Dimitri Mendeleev: He is one of the Best chemist's in the world, to cut it short. He was able to discover and predict the properties of future elements. He also was the one to make the periodic table as we know it today. Mendeleev was born in Verkhnie Aremzyani, a village in Russia. He was also an inventor, he had designed the spectroscope in Heidelberg. He even wrote a book about the spectroscope too. In 1893, he was appointed Director of the Bureau of Weights and Measures. Basically setting the standards for vodka, making the ratio of alcohol to other ingredients 40%. A while later and he did it again, making the first oil refinery in Russia. In 1905, Mendeleev was elected a member of the Royal Swedish Academy of Sciences. A year later and he wins the Nobel prize. When he started making the periodic table, there were only 56 known elements with a rate of one new element per year. He can predict the next new elements with his uncompleted periodic table. And all of the guesses were correct! Almost at the end of his life, he is very old with the periodic table almost complete with almost all 92 elements discovered. He is a hero to Russia and the world of chemistry. Not bad for a Chemist and an Inventor. --Vladlen G.

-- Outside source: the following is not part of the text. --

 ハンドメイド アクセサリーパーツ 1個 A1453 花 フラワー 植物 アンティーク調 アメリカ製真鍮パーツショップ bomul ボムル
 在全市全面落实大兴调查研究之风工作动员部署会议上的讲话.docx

Marie Curie was an engineer in the world of chemistry, breaking down scientific barriers with her discoveries on radioactivity, as well as gender inequality barriers, as she was the first extremely successful woman to dominate this field. She, in conjunction with her husband, until his untimely demise, worked arduously on the radioactive properties of uranium, and discovering the elements radium and polonium, which they isolated from pitchblende. She received two Nobel Prizes for her work. One was shared with Becquerel for their work with radioactivity, and the second was for the discovery of radium and polonium. --Sam B.

        Erwin was scientist from Austria that created the model called the Quantum Mechanical Model. This model stated that Bohr’s previous model was incorrect. Bohr’s model stated the definition that you can find the exact location of where an electron is. Erwin did not agree with this and he found a new way to explain the atom. In his mind he came up with a mathematical equation that could predict the location of the electron. He said that there was an electron cloud instead of the model Bohr came up with. He set a path for future scientists to follow and assisted in what we now understand about the atom. --Teanna H.